The get_top_product_tags method does a simple datastore query to find the num top ranked tags for a product.
You should use a normalized schema and let SQL and the database engine be your friend. Have a single table with a design like this:
create table KeywordUse
( AppID int
, UserID int
, Sequence int
, Word varchar(50) -- or whatever makes sense
)
You can also have an identity primary key if you like, but AppID + UserID + Sequence is a candidate key (i.e. the combination of these three must be unique).

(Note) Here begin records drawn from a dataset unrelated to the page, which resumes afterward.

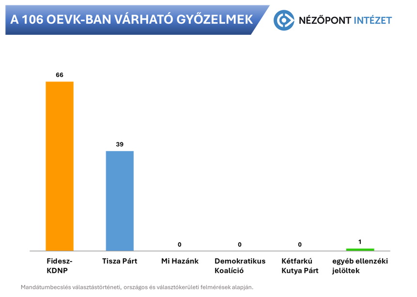 Összességében tehát a Fidesz-KDNP 66, a Tisza Párt 39 választókerületben bízhat a jelöltjei győzelmében, további egy választókerületben pedig más, Tisza-közeli ellenzéki jelölt kerülhet az első helyre - közölte a Nézőpont.
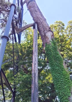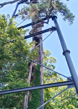 樹齢400年の巨松。鉄骨や木材でサポートされて頑張っている。
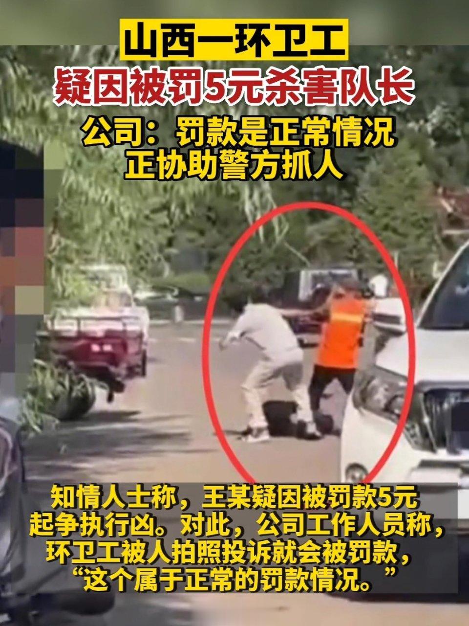 7月11日,山西朔州一环卫工疑因被罚款5元杀害队长,公司:罚款是正常情况。警方:悬赏3万元,正全力抓捕。
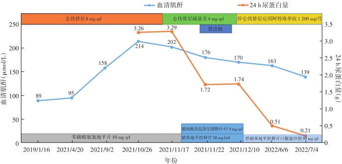 出院后随诊情况:血压持续改善,水肿基本消失,食欲和精神均改善。2021年12月13日复诊测血压126/75 mmHg,停用硝苯地平控释片、单药氯沙坦50 mg qd控制血压仍满意;血生化:Alb 32 g/L,Scr 170 μmol/L,尿素氮11.55 mmol/L,血钾4.6 mmol/L;24 h尿蛋白量2.03 g。2021年12月15日再次应用阿特珠单抗1 200 mg,此后每月规律应用阿特珠单抗1 200 mg 1次。2022年6月6日复诊,查Scr 163 μmol/L,24 h尿蛋白量0.51 g。2022年7月4日随诊复查Scr 139 μmol/L,24 h尿蛋白量0.21 g。随访Scr及24 h尿蛋白量变化见图2。
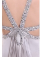Sexy Column V neck Grey Watteau Train Beading Elastic Woven Satin Prom Dress with Criss Cross
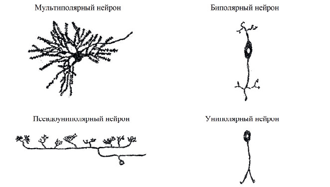 Нервные клетки классифицируются по характеру отростков на 4 типа (рис. 5): мультиполярные, биполярные, псевдоуниполярные и униполярные. Самыми распространенными являются мультиполярные клетки – типичные для ЦНС нейроны. Они состоят из тела, дендритного дерева и аксона. Биполярный нейрон имеет продолговатое тело, с одной стороны которого отходит дендрит, а с другого – аксон. Такие клетки встречаются лишь в сетчатке глаза, а также в слуховом и вестибулярном ганглиях. Псевдоуниполярные нейроны формируют спинальные ганглии (утолщения задних корешков спинномозговых нервов). От шарообразного тела такой клетки отходит один отросток, который Т-образно делится на две ветви: одна направляется к периферии, другая входит в спинной мозг. Такого же типа нейроны располагаются в чувствительных ядрах черепномозговых нервов.
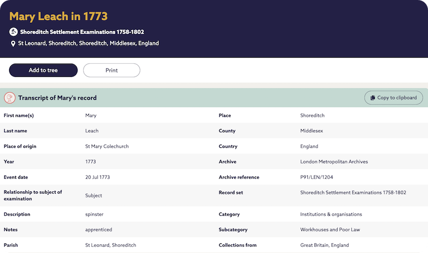 The records kept from this process vary across parishes, but the urban parish of Shoreditch (which was outside of the City of London at this time) has a series of well-preserved records. These are useful as they provide insight into people's lives far before the first English census that included names, which came in 1841.
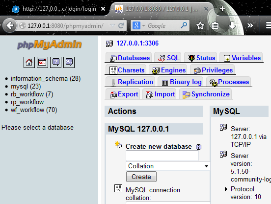 ProcessMaker uses 3 databases in MySQL for each workspace. The databases can be easily examined using phpMyAdmin, a graphical, web-based tool. To see the databases used by ProcessMaker, enter the following URL in the address bar of a web browser:
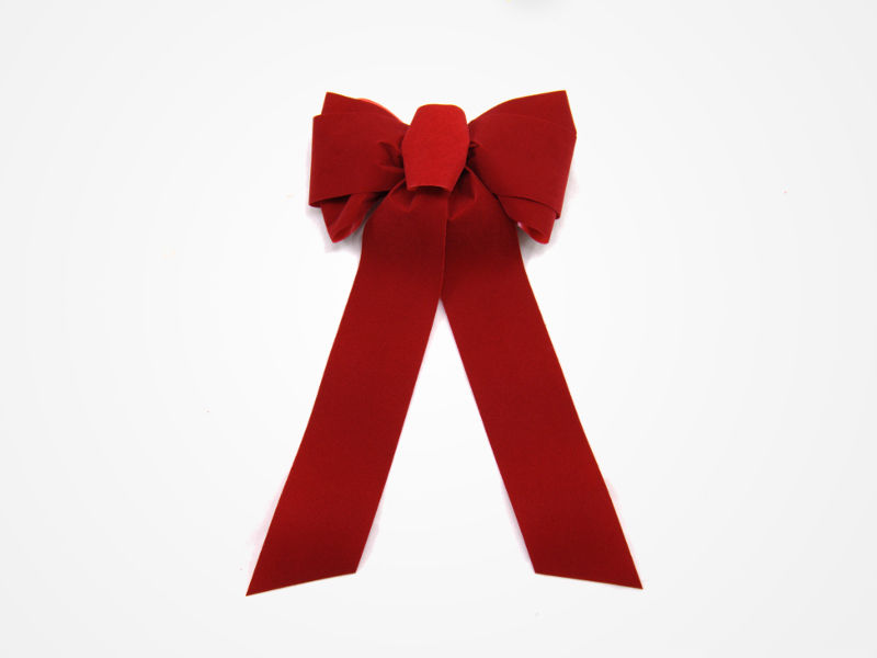 This bow is made with #40 (2-5/8" wide) ribbon. Seven loops make a diameter of approximately 9" with 15" tails, making the bow thickness 4".
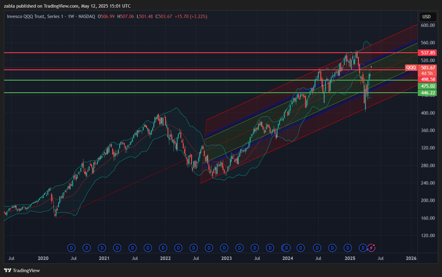 QQQ-NASDAQ 100 ETF meghatározó szinten. Az elemzői várakozások szerint 2025 nyarán is mérsékelt emelkedés várható a QQQ ETF árfolyamában. A május–júniusi időszakban az előrejelzések szerint 1–1,1% közötti havi növekedés valószínű, de a technológiai szektor túlsúlya miatt a volatilitás továbbra is jellemző lehet. Hosszabb távon a technológiai innovációk és a digitális megoldások iránti kereslet miatt pozitív a kilátás, de rövid távon bármilyen piaci vagy szabályozói hír átmeneti korrekciót okozhat. A heti grafikonon remekül láthatod, hogy az 500 $-os szint igen meghatározó a további árfolyam tekintetében.
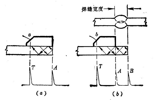 焊縫寬度法主要是利用橫波多次反射的探傷原理,來探測整個焊縫區(qū)域中的缺陷。探測時需在焊縫兩側(cè)進行,以免漏檢。將探頭放在工件厚度相同的試塊上,超聲波探傷儀探頭前沿和試塊前沿對齊,在熒光屏上得到極端反射波A,然后向后移動探頭,移動距離等于焊縫寬度,在熒光屏上又得到極端反射波B,并標出(用閘門波或機械刻度尺標出)A波與B波的位置,如圖所示
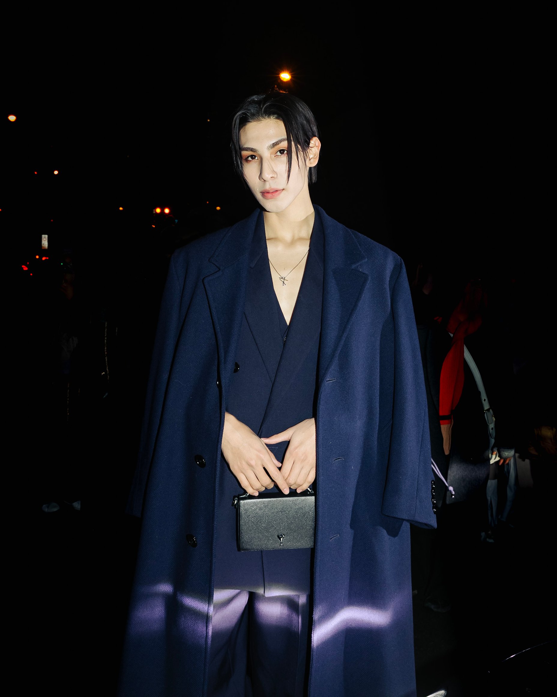 ミラノのファッションウィークの終了後、パリへと移動。まず出席したのは、フランスのエスプリが漂う「アミ パリス(AMI PARIS)」。ネイビーのセットアップにロング丈のテーラードコートを肩掛けした上品なスタイルでショー会場に姿を表すと、大きな歓声とフラッシュの光に包まれました。シルバーのランチボックスバッグとチェーンネックレスには、ブランドの頭文字であるAとハートを掛け合わせたアミ パリスのシグネチャー「AMI DE COEUR(=心の友)」があしらわれています。
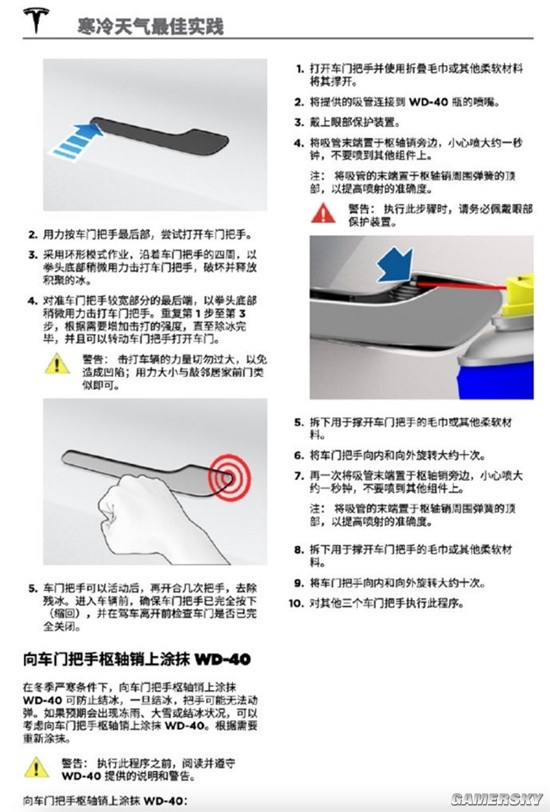 关于如何解决门把手被冻上这件事,特斯拉官方其实也有指导,很简单,就是拿拳头砸:如果遇到车门冻住,建议拳头底部稍微用力敲几下车门把手,便可除冰。
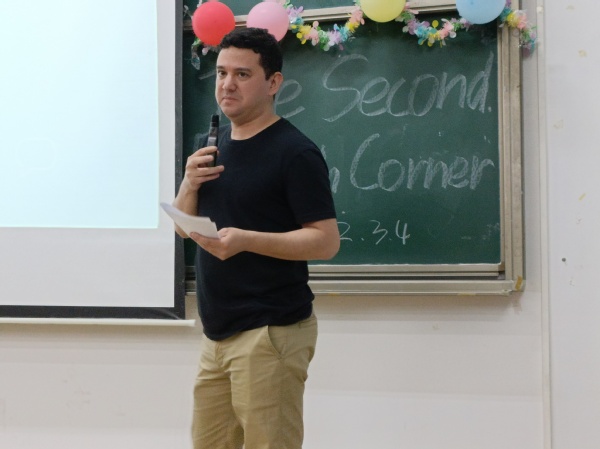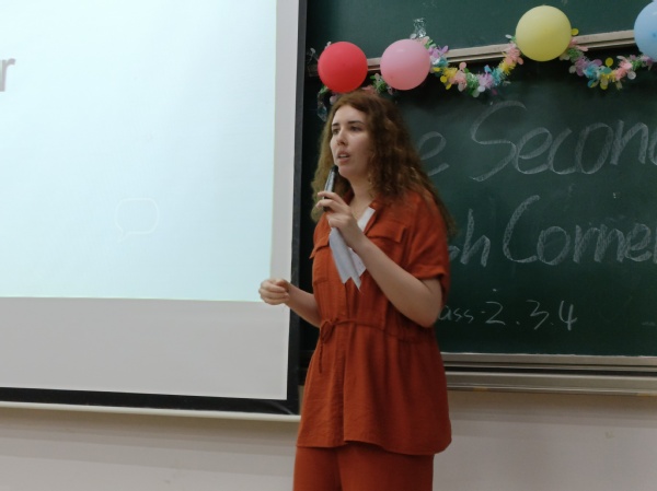 本期活动一共分为五个环节:第一个环节是主题演讲——演讲者围绕本期英语角的主题发表自己的观点和看法;第二个环节是配音环节——配音者选择与主题相关的影视片段进行配音;第三个环节是指导老师点评——指导老师分别对主持人、演讲者和配音者们的表现进行点评,指出其中的优点和不足之处并给出建议;第四个环节是游戏环节——由主持人主持,本次“You act, I guess”你来比划我来猜活动,要求每个班派出两名选手参赛,每组一人用英语描述、一人猜词,答对一题得一分,遇难题可喊“pass”跳过,最终积分最高的成员们将获得精美小礼品;第五个环节是自由讨论环节——同学们和老师就本期主题进行了深入讨论。
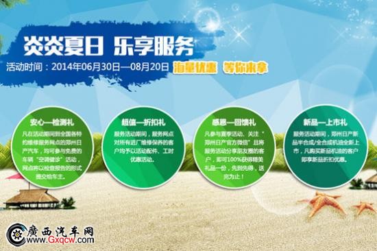 為了持續(xù)回饋廣大消費者,2015年6月30日至8月20日,鄭州日產(chǎn)將在全國范圍內(nèi)推出本年度的“炎炎夏日.樂享服務(wù)”夏季服務(wù)月活動,為您的愛車保駕護航,為盛夏出行提供品質(zhì)保障。
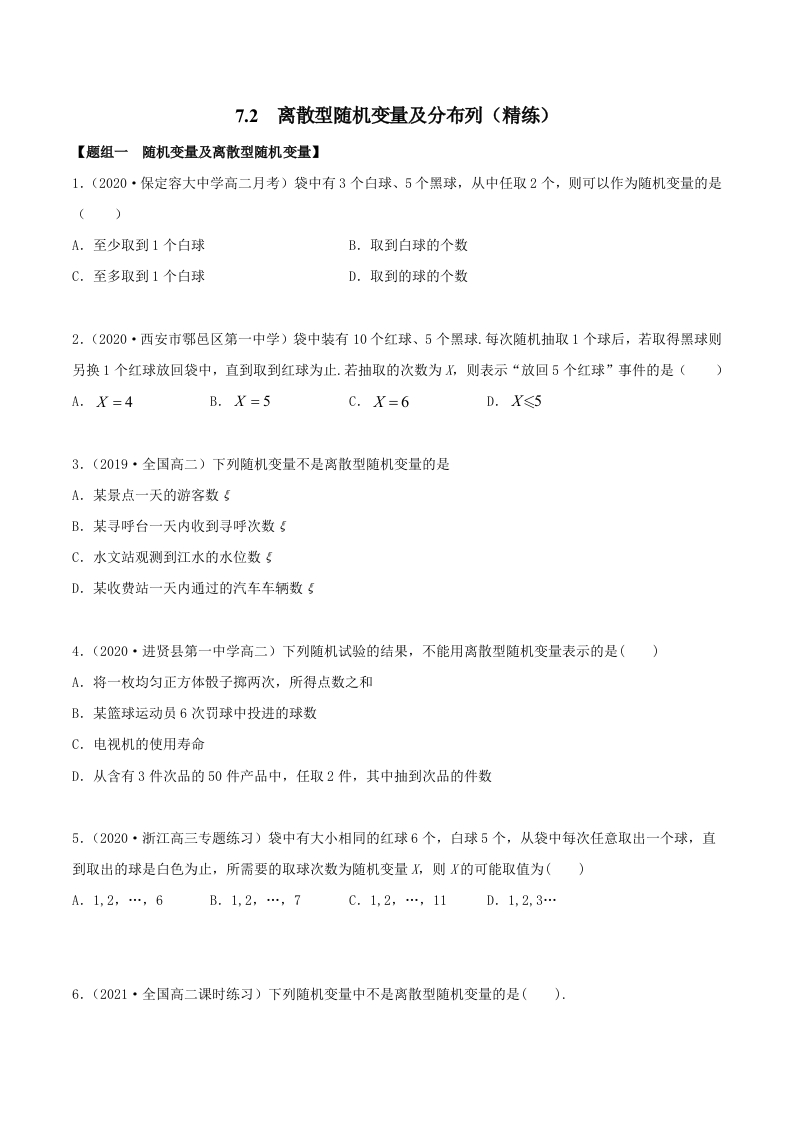 首页高中数学高二7.2 离散型随机变量及分布列(精练)(原卷版)
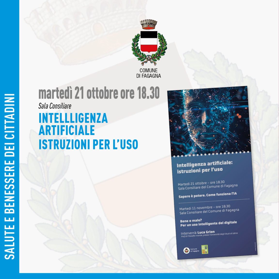 Martedì 21 ottobre alle ore 18.30 in Sala Consiliare, Luca Grion, professore di filosofia morale presso l’Università di Udine, propone la conferenza “Intelligenza Artificale: istruzioni per l’uso”.
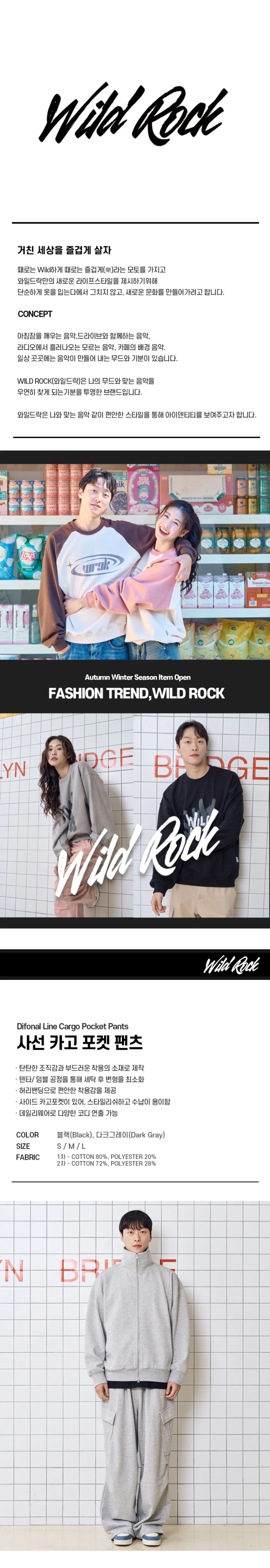 와일드락(WILDROCK)은 '樂 will never die'를 모토로 거친 세상을 즐겁게 살아가는 이들을 위한 스트릿 패션 브랜드입니다. 나의 무드와 맞는 음악을 찾아가는 과정처럼 자신과 맞는 편안한 스타일의 패션을 찾아가길 바라는 마음을 담았습니다.

To find the top 5 keywords for any app, do a SQL query like this:
select top 5
count(AppID) as Frequency -- If you have an identity PK count that instead.
, Word
from KeywordUse
where AppID = #AppIDVariable...
group by Word, AppID
order by count(AppID) desc
If you are really, really worried about performance you could denormalize the results of this query into a table that shows the words for each app. Then you'd have to work out how often to refresh that snapshot.
REVISED ANSWER:
As Nick Johnson so generously pointed out, aggregate functions are not available in GQL. However, the philosophy of my answer remains unchanged. Let the database engine do its job.
The table should be AppID, Word, and Frequency. (AppID and Word are the PK.) Then each use of the word would be added up as it is applied. Then, when you want to know the top five words for an app you select by AppID := #Value and order by Frequency (descending) with a LIMIT = 5.
You would need a separate table to track user keywords if that is important.